Required from the data below: the exact lines starting at the line containing "おはぴろー🌞もくもく雲☁️が集まってきた #イマソラ もう蒸し暑い >_<🍧" and ending at the line containing "- ざっくり編みのみつばち風つのとポンポンがキュートなあったかニット帽!!", with both ends kept and all pictures dropped.

Given records:
----------
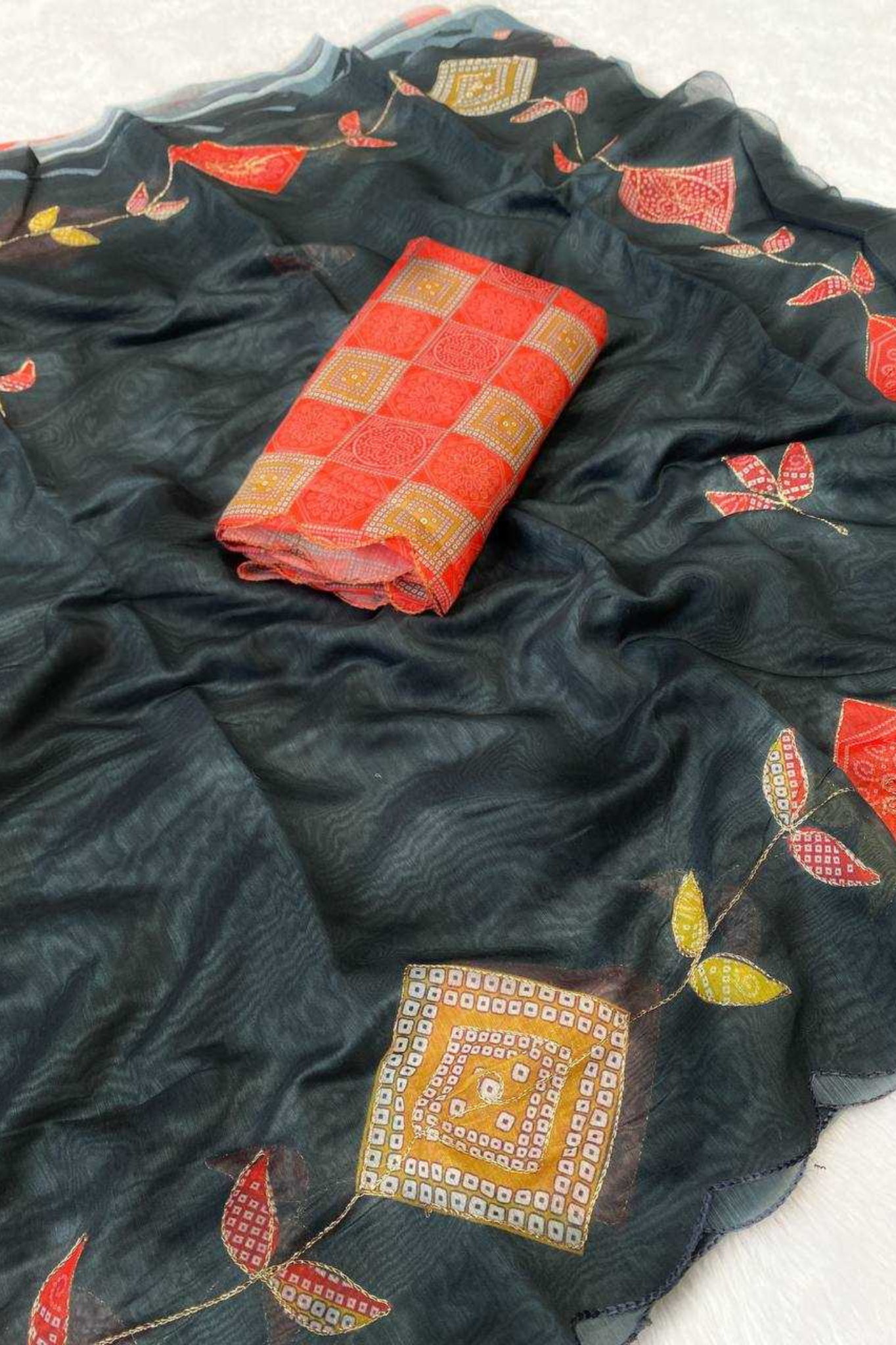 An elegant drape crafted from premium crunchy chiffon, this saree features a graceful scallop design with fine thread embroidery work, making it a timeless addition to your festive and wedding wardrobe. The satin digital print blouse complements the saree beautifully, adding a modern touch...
----------
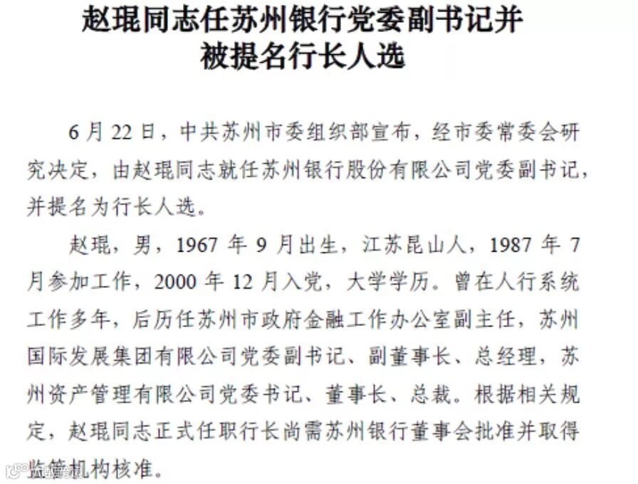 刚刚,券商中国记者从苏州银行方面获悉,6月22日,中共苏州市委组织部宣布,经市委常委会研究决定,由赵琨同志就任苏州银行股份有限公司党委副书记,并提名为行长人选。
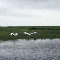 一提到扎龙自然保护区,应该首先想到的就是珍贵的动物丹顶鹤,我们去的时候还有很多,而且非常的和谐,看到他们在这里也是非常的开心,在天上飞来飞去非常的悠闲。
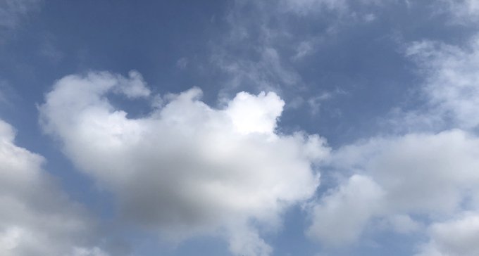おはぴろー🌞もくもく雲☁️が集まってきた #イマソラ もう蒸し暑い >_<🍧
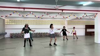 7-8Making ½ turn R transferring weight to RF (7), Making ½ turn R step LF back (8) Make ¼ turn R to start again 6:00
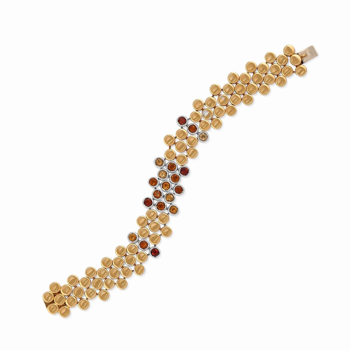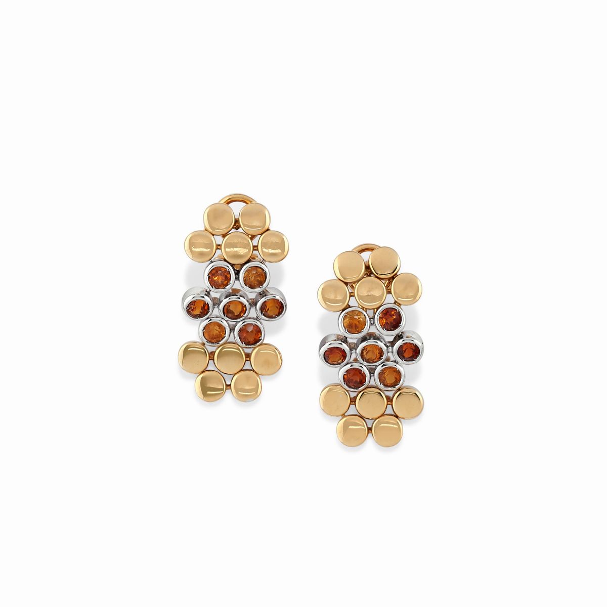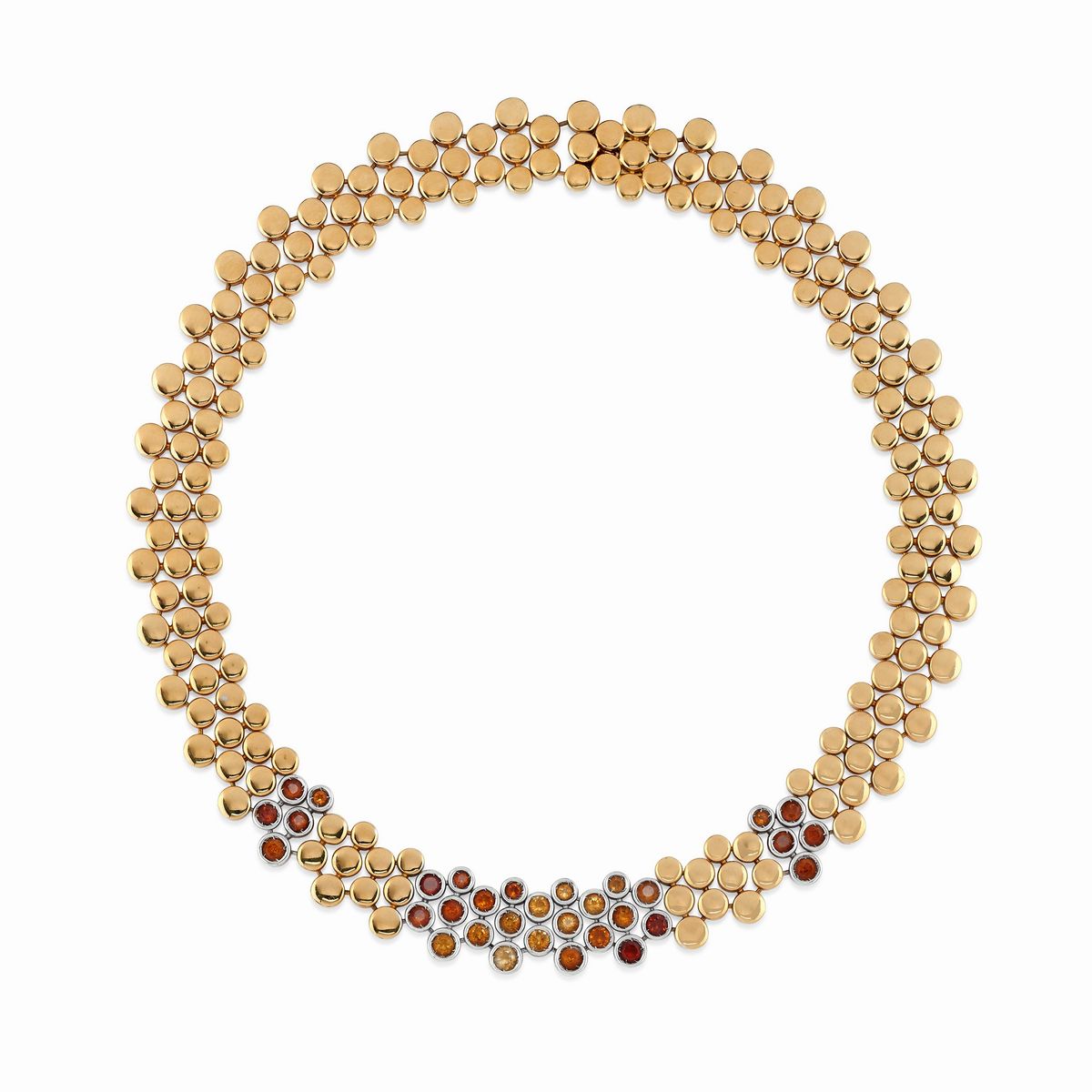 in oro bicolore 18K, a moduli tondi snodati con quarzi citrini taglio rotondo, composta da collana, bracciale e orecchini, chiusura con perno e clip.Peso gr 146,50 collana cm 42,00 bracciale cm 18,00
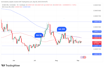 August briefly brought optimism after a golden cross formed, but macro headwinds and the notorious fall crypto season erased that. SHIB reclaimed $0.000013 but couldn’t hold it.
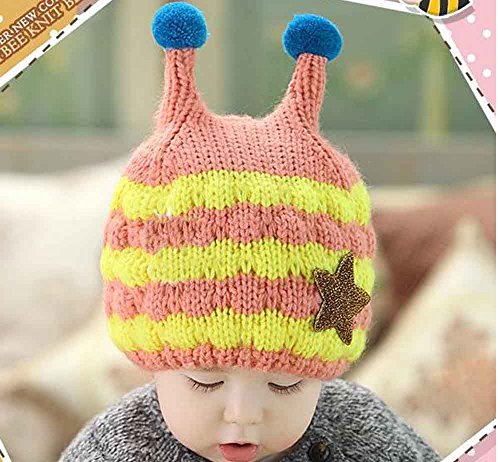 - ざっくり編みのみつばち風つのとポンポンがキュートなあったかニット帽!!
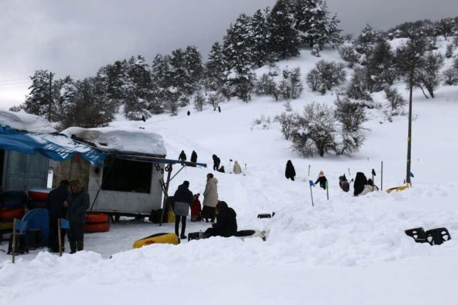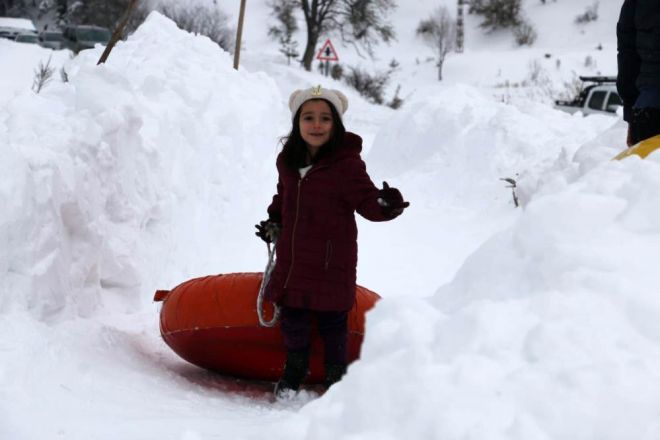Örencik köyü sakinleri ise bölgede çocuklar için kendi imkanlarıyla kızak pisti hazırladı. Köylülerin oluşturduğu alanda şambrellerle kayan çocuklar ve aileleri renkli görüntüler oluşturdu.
----------
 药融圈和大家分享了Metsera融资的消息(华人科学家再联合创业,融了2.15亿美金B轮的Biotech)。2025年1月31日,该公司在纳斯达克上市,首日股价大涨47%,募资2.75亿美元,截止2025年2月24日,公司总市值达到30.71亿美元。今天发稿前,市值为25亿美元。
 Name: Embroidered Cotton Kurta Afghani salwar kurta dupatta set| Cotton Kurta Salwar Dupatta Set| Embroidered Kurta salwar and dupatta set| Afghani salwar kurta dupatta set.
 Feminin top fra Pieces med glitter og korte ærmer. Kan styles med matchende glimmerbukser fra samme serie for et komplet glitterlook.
----------
Your solution:
おはぴろー🌞もくもく雲☁️が集まってきた #イマソラ もう蒸し暑い >_<🍧
 7-8Making ½ turn R transferring weight to RF (7), Making ½ turn R step LF back (8) Make ¼ turn R to start again 6:00
 in oro bicolore 18K, a moduli tondi snodati con quarzi citrini taglio rotondo, composta da collana, bracciale e orecchini, chiusura con perno e clip.Peso gr 146,50 collana cm 42,00 bracciale cm 18,00
 August briefly brought optimism after a golden cross formed, but macro headwinds and the notorious fall crypto season erased that. SHIB reclaimed $0.000013 but couldn’t hold it.
 - ざっくり編みのみつばち風つのとポンポンがキュートなあったかニット帽!!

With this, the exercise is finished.